I can’t believe I laughed at someone who claimed to have been molested, but I guess I’m just a bad person.

Sitting at the downtown mall, at a table outside a restaurant, taking a breif rest.
A man (with cane, but young) and woman came by. He sat down, they got loud with each other.
A security man was walking by, heard this, and walked up and said Can you keep it down please? very nicely.
The man looked at him, and yelled Fuck you! Fuck you!
The guard said something on his radio, and then the man said I’m on crack, call the police!
The woman goes, Why you gotta be like that?
They both walk away (thank God). I hope they were kicked out.

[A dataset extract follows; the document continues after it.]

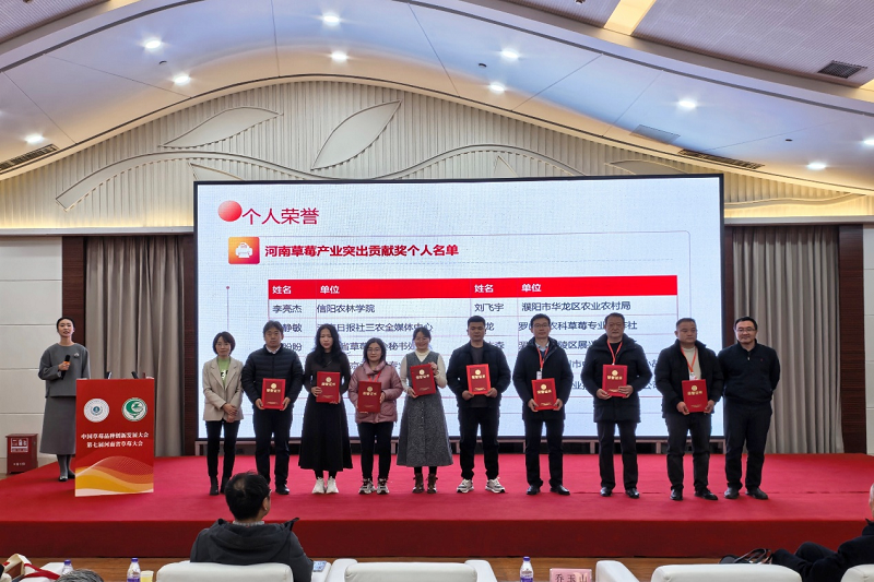 大会对长期致力于河南省草莓产业发展,并做出突出贡献的集体和个人进行表彰,beat365在线平台官网园艺学院被评选为“河南省草莓产业突出贡献先进集体”,李亮杰被评选为“河南省草莓产业突出贡献先进个人”。

This one still makes me giggle. The canteen at work had cheeseburgers on the menu one day. They had never done cheeseburgers before and have not done so since. As we were all sitting around a colleague came in and asked for a cheeseburger and drink. He was told it would take ten minutes or so to prepare which is normal since it is a small canteen and they don’t keep food under the lamps for hours on end on the offchance that somebody will wander in.

So he sat down and chatted to us and mentioned that he had failed to get a promotion he had gone for. We duly commiserated. After ten minutes or so he was called back and presented with his meal which seemed unusually cheap. He checked and yes, there was the drink; yes, there was the bun; yes, there was the cheese; wtf? Where’s the actual burger?!? :eek: The cook smiled and told him she’d given him a discount because one of the ingredients was missing and that seemed to be that. She showed no clue that something was very, very odd about the meal she’d just served up.

Aside from the hysterical laughter we were all pretty much speechless. Sometimes a thing is *so * wrong you just don’t know where to start.

I’m a bike messenger. A while ago, I was delivering a package a bit after 5:00. It was a snowy, wet, miserable afternoon, and there was just this one last delivery at the end of the day that I had to head well out of downtown to bring back in all by itself. Truly a shitty job by the standards of the business, but I’ve certainly done worse, so whatever.

However, when I finally got to the place it was to be delivered to, the only people left were a small group in a conference room. As one of these guys was signing for the delivery, another asked me, “so how’s the weather out there?” I really couldn’t do anything other than glare at him through the drops of melting snow falling from the hood of my raincoat, pointedly averting my eyes to the huge window where anyone could plainly see the “wintry mix” falling from the sky, then back at the guy. I think he got my basic meaning (“it’s obviously wet and snowy out”) but missed the feeling with which I was saying it (“I’m obviously cold and wet, and am not really in the mood to make lighthearted banter about the matter”), as he responded with “kinda wet out there, huh?”.

As I turned and left without comment, I did notice what seemed to be an expression on the faces of the others in the room that I would characterize as embarrassment over one’s colleague making an ass of himself in front of someone else and not noticing it, while decorum prevents one from calling out his colleague on the matter.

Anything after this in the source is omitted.